One more architectural subtlety deserves attention: the columnar batch width is a real tuning surface. Batches that are too narrow spread the fixed per-batch overhead across too few rows and leave the SIMD units underfed; batches that are too wide blow past the CPU cache and start paying memory-bandwidth stalls instead of running cache-resident. Photon picks a batch size in the low thousands of rows to sit in that sweet spot, but the effective width also depends on row size, so very wide schemas with many large columns behave differently from narrow numeric tables. This is invisible in the query text and visible only in profiling, which is why the operational habit of reading the plan and the runtime metrics — rather than trusting that native equals fast — matters as much for Photon as it does for any vectorized engine.
End-to-end flow
Trace a query: read a large fact table from Parquet, filter by date, join to a dimension table, aggregate a sum grouped by region, and finally apply a Python UDF to format the output. Catalyst compiles the physical plan; the Photon planner tags the Parquet scan, the filter, the hash join, and the hash aggregate as native, and tags the Python UDF as JVM-only because Photon does not execute arbitrary Python.
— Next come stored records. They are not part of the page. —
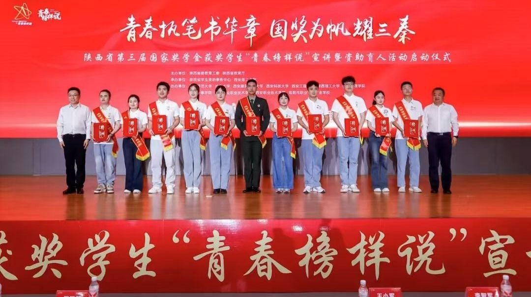 宣講環(huán)節(jié),西安理工大學耿晶以 “追光之旅” 分享競賽逐夢歷程,呼吁青年扎根祖國需要之處;西安工程大學梁振宇講述退役復學后的堅守擔當,榜樣們用奮斗故事傳遞著拼搏向上的精神力量。
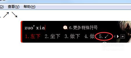 输入“zuoxia”,选择对应符号即可,如图所示; - 010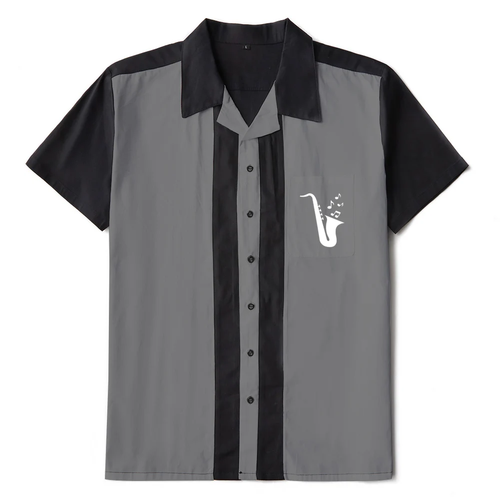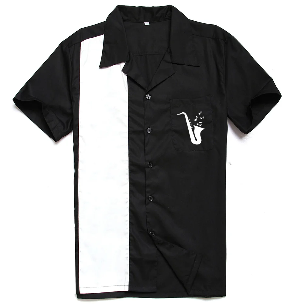 Мужская музыкальная рубашка в стиле ретро с коротким рукавом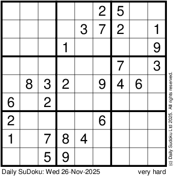 The Daily SuDoku: Wed 26-Nov-2025

Execution begins in native code. The vectorized Parquet reader loads column batches directly into off-heap buffers — no row materialization. The filter kernel evaluates the date predicate across each batch and produces a selection vector, skipping non-matching rows without branching per row. The surviving batches flow into the native hash join: the dimension table is built into an off-heap hash table, and probe batches are matched with SIMD-friendly lookups. All of this stays columnar, cache-resident, and GC-free.
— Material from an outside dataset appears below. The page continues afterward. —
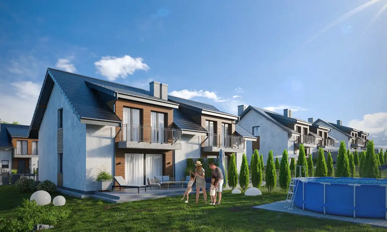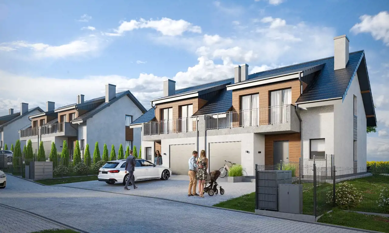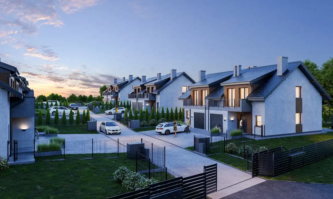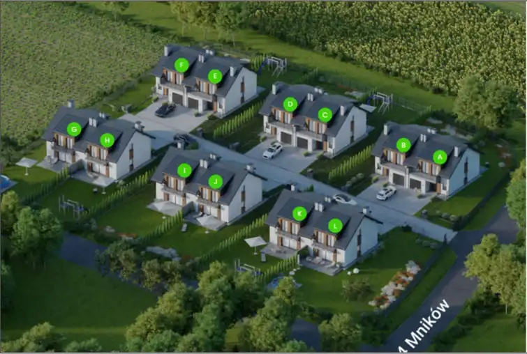 Pozwolenia na budowę 6 bliźniaków (12 domów) według projektu Dom w klemematisach 20 B o powierzchni użytkowej 121,51 m2 z możliwością powiększenia na podstawie projektu zamiennego do 128,51m2. Przygotowany jest też projekt podziału na 12 działek pod każdy dom oraz drogę wewnętrzną.

The hash aggregate accumulates the grouped sums natively, maintaining its aggregation hash table off-heap. If the number of groups grows large enough to exceed the memory budget, Photon spills partitions to disk and merges them — the same logical operation as the JVM engine but with manual buffer control and no allocation storms. AQE, watching the real shuffle statistics, may coalesce the post-shuffle partitions or switch a skewed join to a broadcast; Photon executes whatever plan AQE lands on.
Now the boundary. The aggregate's native columnar output must feed the Python UDF, which runs on the JVM path. A transition operator converts the columnar batches to rows and hands them across; the UDF executes, and its results flow on to the output. Because this transition sits at the very end of the plan on a small, already-aggregated result, its cost is trivial — the expensive scan-filter-join-aggregate spine ran entirely native. Had the UDF sat in the middle, forcing row-columnar transitions around the big join, the picture would be very different, and the coverage and transition-overhead metrics would show it. This is why the same feature can 3x one query and barely move another: placement of the unsupported operator, not its mere presence, decides the outcome.
It helps to picture the vectorized inner loop to see where the speed comes from. In the JVM engine, the generated code for the date filter loops over rows, and for each row loads a value, tests the predicate, branches, and conditionally appends to the output — a branch the CPU cannot predict well when the data is mixed, and a per-row overhead that dwarfs the actual comparison. Photon's kernel instead loads a contiguous run of date values into a vector register, compares the whole vector against the bound in a single SIMD instruction, and writes a packed selection mask, with no per-row branch at all. Multiply that pattern across the filter, the join's hash probe, and the aggregate's accumulation, and the compounded saving is the 2-4x that shows up on CPU-bound analytical queries — provided, as this trace shows, the transitions to the JVM path stay off that hot spine.